__TASK TO COMPLETE__: The response should contain all of the records, copied exactly, and none of the images.

Stored data:
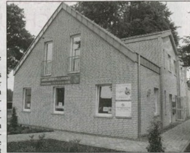
Die neue Adresse des „Physiocenter Wassenberg“: das Service-Center an der Gladbacher Straße.

Nicht nur das Service- abschnitt sowie am Alten- Center, auch die Bungalows des ersten Bauabschnitts sind ab dem 1. September alle bezogen. Die Arbeiten am 2. Bau-
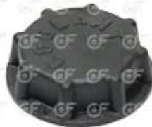
Tapa deposito expansion Volvo

Código 2004280 | 3979593 | 3979593 1849428 1676319 2728 24280
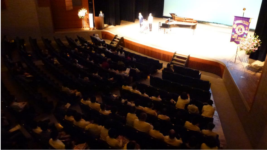
司会は L坂本 真路
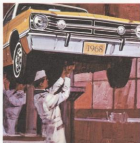
DART GTS 2-DEURS HARDTOP

De volbloed Dart GTS (onderaan): een droomwagen waar de kracht uitstraalt! Met een snedige 5.6 liter motor van 275 onstuimige PK. Vier-vakscarburator. Dubbele uitlaat. Vermogen te kust en te keur. Geweldig!
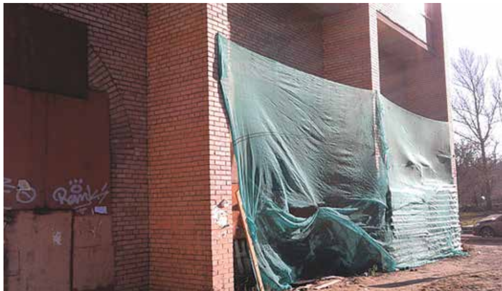
Хотели сделать православную школу, а получается очередной магазин
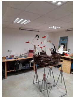
Nos cigognes ont migré dès le mois de juin

Afin d'optimiser les décorations automnales, les ouvriers communaux ont plantés les graines des curcubitacées de l'année dernière. Cela a permis à la commune un gain financier non négligeable. Hélas lors de la récolte, il s'est avéré que des personnes avaient déjà fait leur marché !!! Les décorations ont été mises en place jeudi soir vers 19h30 et vendredi matin des cageots avaient déjà disparu.
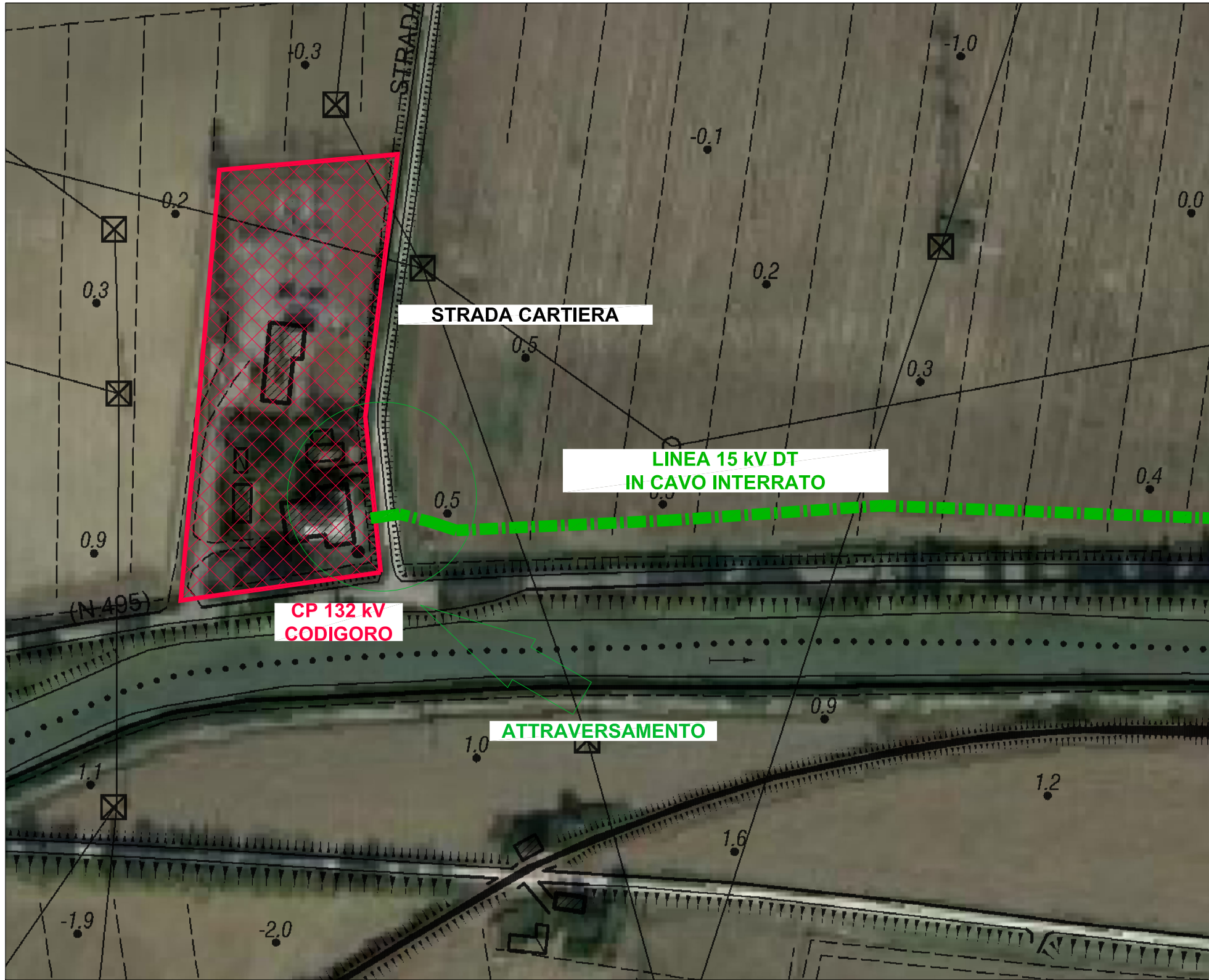
PLANIMETRIA CTR 1 : 2.000
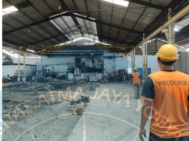
Foto Departemen Pengecoran Logam
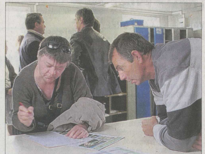
Des familles visitent la Mas en construction à Saint-Surnin : c'est le type d'accueil qu'elles voudraient obtenir pour les jeunes.

Ainsi, disent-ils, le coût de l'extension serait faible pour offrir des prestations maximales aux personnes polyhandicapées des Hautes-Alpes. À l'issue de la visite, les familles enthousiastes ont décidé d'agir auprès de l'ARS. Dans un premier temps, elles vont envoyer des courriers circonstanciés et solliciter un rendez-vous auprès de la direction territoriale de l'ARS. Un parent propose : « Allons à ce rendez-vous avec nos enfants polyhandicapés pour que les fonctionnaires voient bien en quoi le polyhandicap nécessite une structure spécifique. »
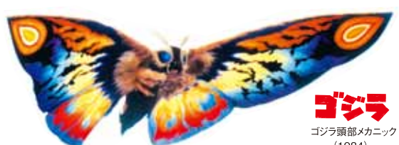
モスラ3 レインボーモスラ (1998)
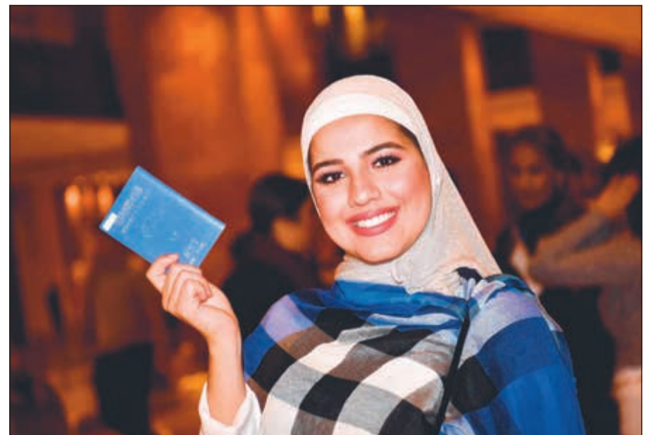
إحدى الطالبات واستعداد للمشاركة في عملية الاقتراع
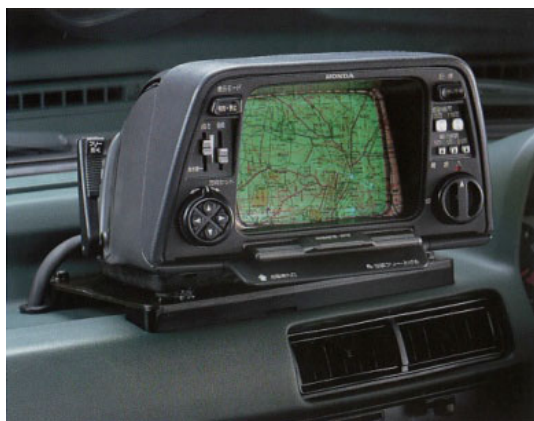
図2 世界初の地図表示型カーナビ

1974年、カーメーカの研究所の一室にジャイロが持ち込まれ、車への応用の議論が白熱した。そして、車載用ジャイロ（ヨーレートセンサ）の開発と自動車への新機能開発の研究チームが発足した。従来の車の制御システムとは全く異質の開発で、当時GPS (Global Positioning System) はいまだ計画途上であり、自己位置標定は航空機と同じように自律形の慣性航法で実現させようとする自動車用慣性航法システムへのチャレンジであった。自動車がハンドルの操作で方向変化をするときのヨー方向の角速度変化とタイヤの回転量を基準に、マイクロコンピュータで慣性航法計算や各種の累積誤差補正処理を行い現在位置の推移を刻々標定し地図位置と対比表示する世界初の地図表示型カーナビゲーションシステム (図2) として、1981年、「ホンダ・エレクトロ・ジャイロケータ」の商品名で発表された。システム構成
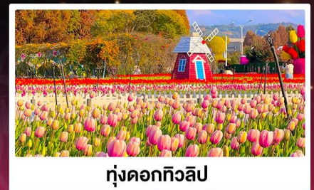
ทุ่งดอกทิวลิป
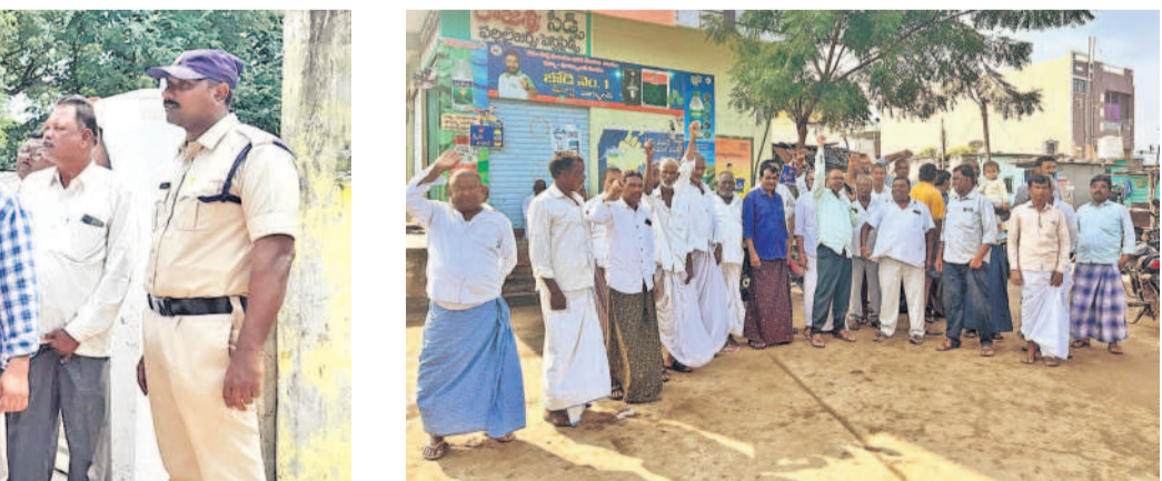
తమకు రుణమాఫీ కాలేదని అదిలాబాద్ జిల్లా బోధ మండలం ధన్నూరు (బి) గ్రామంలో రైతులు నిరసన ప్రదర్శన చేశారు. ప్రభుత్వ వైఖరిని నిరసించారు.
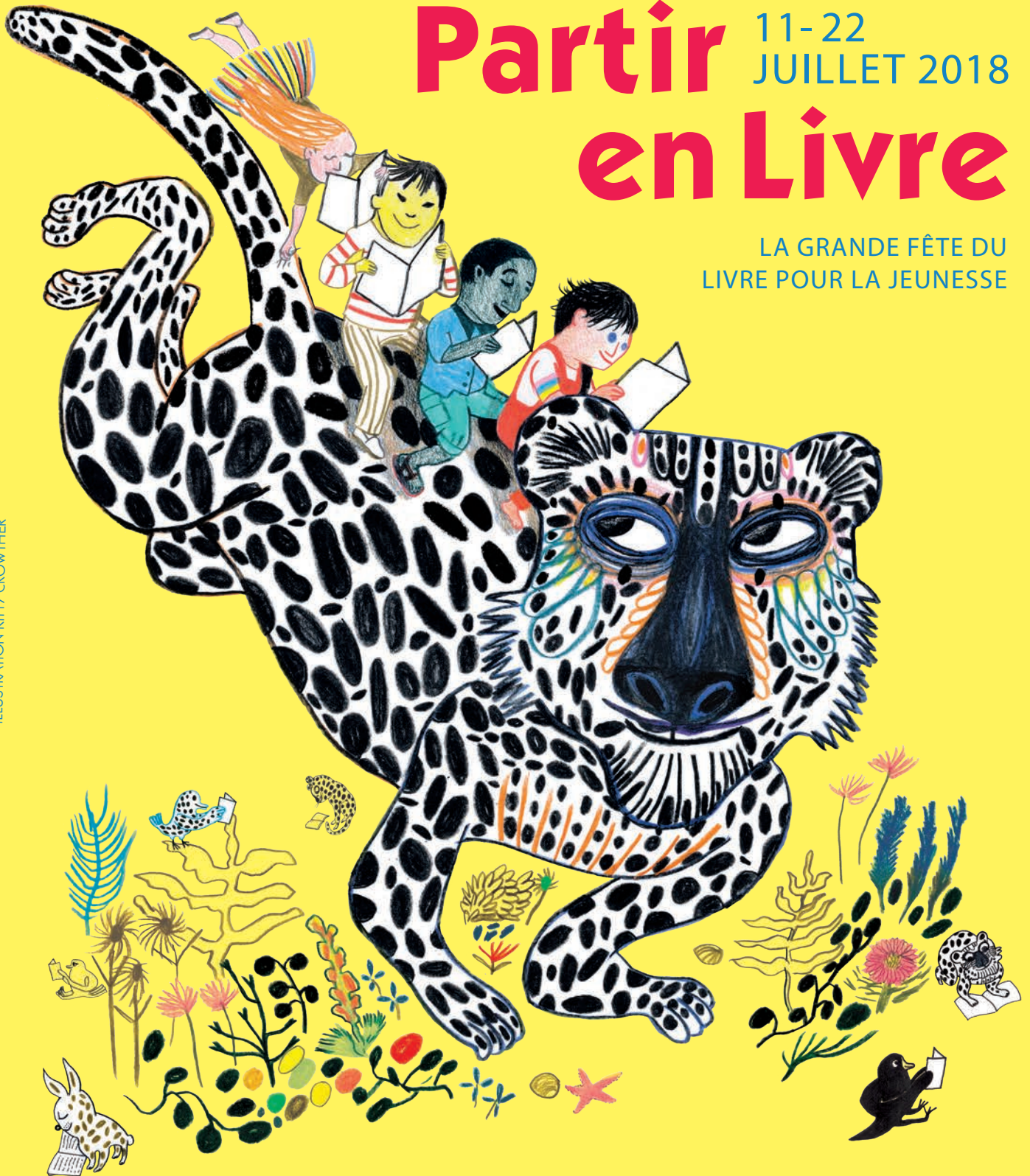
ILLUSTRATION KITTY CROWTHER

LA GRANDE FÊTE DU LIVRE POUR LA JEUNESSE
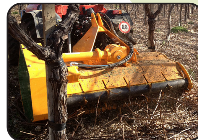
▶ Назад или вперед позиция
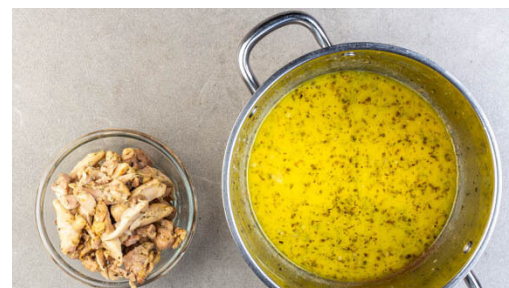
2. Fleisch anbraten

Den Blumenkohl im Milchtopf zu einer Sauce pürieren. Den Spinat portionsweise hinzugeben und bei mittlerer bis hoher Hitze 4-6Min. köcheln, bis er zusammenfällt, dabei gelegentlich umrühren. Tipp: Wenn die Sauce am Boden anhaftet, etwas Wasser hinzugeben. Vom Herd nehmen und mit Salz und Pfeffer abschmecken.
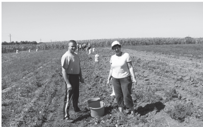
A település vezetői is segítettek a betakarításban

Összesen 49 hektáron folytat mezőgazdasági termelést Dobozy Nagyközség Önkormányzata. A nagyközség földterületeinek művelését elsősorban a közfoglalkoztatók végzik.
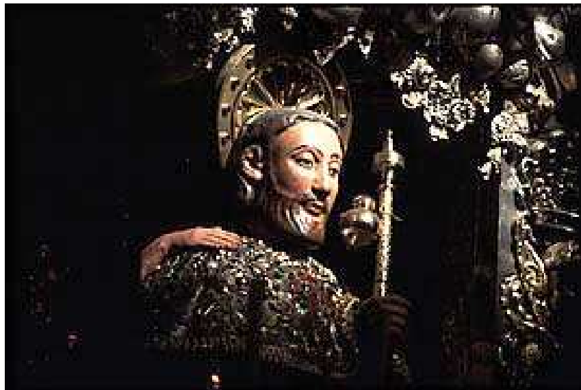
Catedral de Santiago de Compostela (Busto del Apostol)

en las poblaciones por las que se peregrinaba, las indicaciones calle del Camino e iglesia de Santiago , que marcaban el recorrido medieval.
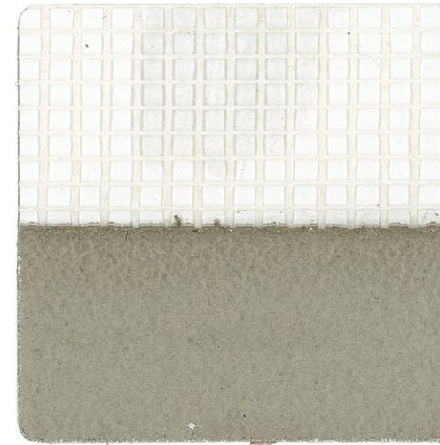
RETE IN FIBRA DI VETRO

Red de fibra de vidrio con apresto, resistente a los álcalis. Puede utilizarse como armazón de productos de alisado en polvo y en pasta. Ideal para el ciclo de aislamiento térmico "por techo". Peso : 150 g/m 2 Ficha técnica: O-05 Medidas retícula: 4 x 4 mm Presentación: rollos de 50 mm x 1 m
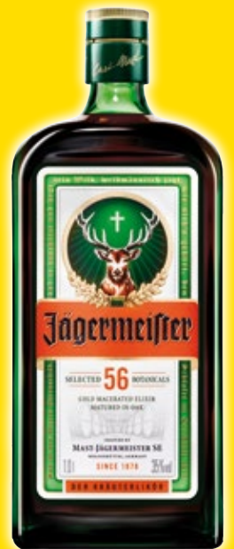
Licor JÄGERMEISTER , litro.
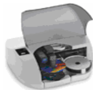
Desktop Disc Publisher SE

Hierbij heeft u de keuze uit de zeer voordelige desktop oplossing of de extra robuuste oplossing die in een rack geplaatst kan worden. Beide staan garant voor professioneel en geautomatiseerd dupliceren en printen van CD of DVD.
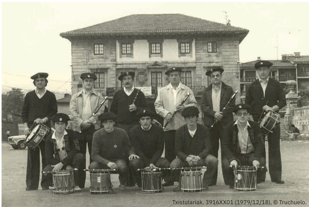
Txistulariak. 3916XX01 (1979/12/18), © Truchuelo.
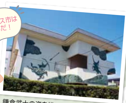
鎌倉武士の姿を描いている小笠原小学校校舎の壁
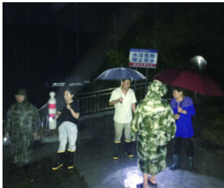
航埠镇充分发挥“党建+网格”的战斗作用,一户不漏、一人不落地全面排查危旧房,并重点对常山港沿线各村开展防汛检查。

__SOLUTION BELOW__:
Die neue Adresse des „Physiocenter Wassenberg“: das Service-Center an der Gladbacher Straße.

Nicht nur das Service- abschnitt sowie am Alten- Center, auch die Bungalows des ersten Bauabschnitts sind ab dem 1. September alle bezogen. Die Arbeiten am 2. Bau-
Tapa deposito expansion Volvo

Código 2004280 | 3979593 | 3979593 1849428 1676319 2728 24280
司会は L坂本 真路
DART GTS 2-DEURS HARDTOP

De volbloed Dart GTS (onderaan): een droomwagen waar de kracht uitstraalt! Met een snedige 5.6 liter motor van 275 onstuimige PK. Vier-vakscarburator. Dubbele uitlaat. Vermogen te kust en te keur. Geweldig!
Хотели сделать православную школу, а получается очередной магазин
Nos cigognes ont migré dès le mois de juin

Afin d'optimiser les décorations automnales, les ouvriers communaux ont plantés les graines des curcubitacées de l'année dernière. Cela a permis à la commune un gain financier non négligeable. Hélas lors de la récolte, il s'est avéré que des personnes avaient déjà fait leur marché !!! Les décorations ont été mises en place jeudi soir vers 19h30 et vendredi matin des cageots avaient déjà disparu.
PLANIMETRIA CTR 1 : 2.000
Foto Departemen Pengecoran Logam
Des familles visitent la Mas en construction à Saint-Surnin : c'est le type d'accueil qu'elles voudraient obtenir pour les jeunes.

Ainsi, disent-ils, le coût de l'extension serait faible pour offrir des prestations maximales aux personnes polyhandicapées des Hautes-Alpes. À l'issue de la visite, les familles enthousiastes ont décidé d'agir auprès de l'ARS. Dans un premier temps, elles vont envoyer des courriers circonstanciés et solliciter un rendez-vous auprès de la direction territoriale de l'ARS. Un parent propose : « Allons à ce rendez-vous avec nos enfants polyhandicapés pour que les fonctionnaires voient bien en quoi le polyhandicap nécessite une structure spécifique. »
モスラ3 レインボーモスラ (1998)
إحدى الطالبات واستعداد للمشاركة في عملية الاقتراع
図2 世界初の地図表示型カーナビ

1974年、カーメーカの研究所の一室にジャイロが持ち込まれ、車への応用の議論が白熱した。そして、車載用ジャイロ（ヨーレートセンサ）の開発と自動車への新機能開発の研究チームが発足した。従来の車の制御システムとは全く異質の開発で、当時GPS (Global Positioning System) はいまだ計画途上であり、自己位置標定は航空機と同じように自律形の慣性航法で実現させようとする自動車用慣性航法システムへのチャレンジであった。自動車がハンドルの操作で方向変化をするときのヨー方向の角速度変化とタイヤの回転量を基準に、マイクロコンピュータで慣性航法計算や各種の累積誤差補正処理を行い現在位置の推移を刻々標定し地図位置と対比表示する世界初の地図表示型カーナビゲーションシステム (図2) として、1981年、「ホンダ・エレクトロ・ジャイロケータ」の商品名で発表された。システム構成
ทุ่งดอกทิวลิป
తమకు రుణమాఫీ కాలేదని అదిలాబాద్ జిల్లా బోధ మండలం ధన్నూరు (బి) గ్రామంలో రైతులు నిరసన ప్రదర్శన చేశారు. ప్రభుత్వ వైఖరిని నిరసించారు.
ILLUSTRATION KITTY CROWTHER

LA GRANDE FÊTE DU LIVRE POUR LA JEUNESSE
▶ Назад или вперед позиция
2. Fleisch anbraten

Den Blumenkohl im Milchtopf zu einer Sauce pürieren. Den Spinat portionsweise hinzugeben und bei mittlerer bis hoher Hitze 4-6Min. köcheln, bis er zusammenfällt, dabei gelegentlich umrühren. Tipp: Wenn die Sauce am Boden anhaftet, etwas Wasser hinzugeben. Vom Herd nehmen und mit Salz und Pfeffer abschmecken.
A település vezetői is segítettek a betakarításban

Összesen 49 hektáron folytat mezőgazdasági termelést Dobozy Nagyközség Önkormányzata. A nagyközség földterületeinek művelését elsősorban a közfoglalkoztatók végzik.
Catedral de Santiago de Compostela (Busto del Apostol)

en las poblaciones por las que se peregrinaba, las indicaciones calle del Camino e iglesia de Santiago , que marcaban el recorrido medieval.
RETE IN FIBRA DI VETRO

Red de fibra de vidrio con apresto, resistente a los álcalis. Puede utilizarse como armazón de productos de alisado en polvo y en pasta. Ideal para el ciclo de aislamiento térmico "por techo". Peso : 150 g/m 2 Ficha técnica: O-05 Medidas retícula: 4 x 4 mm Presentación: rollos de 50 mm x 1 m
Licor JÄGERMEISTER , litro.
Desktop Disc Publisher SE

Hierbij heeft u de keuze uit de zeer voordelige desktop oplossing of de extra robuuste oplossing die in een rack geplaatst kan worden. Beide staan garant voor professioneel en geautomatiseerd dupliceren en printen van CD of DVD.
Txistulariak. 3916XX01 (1979/12/18), © Truchuelo.
鎌倉武士の姿を描いている小笠原小学校校舎の壁
航埠镇充分发挥“党建+网格”的战斗作用,一户不漏、一人不落地全面排查危旧房,并重点对常山港沿线各村开展防汛检查。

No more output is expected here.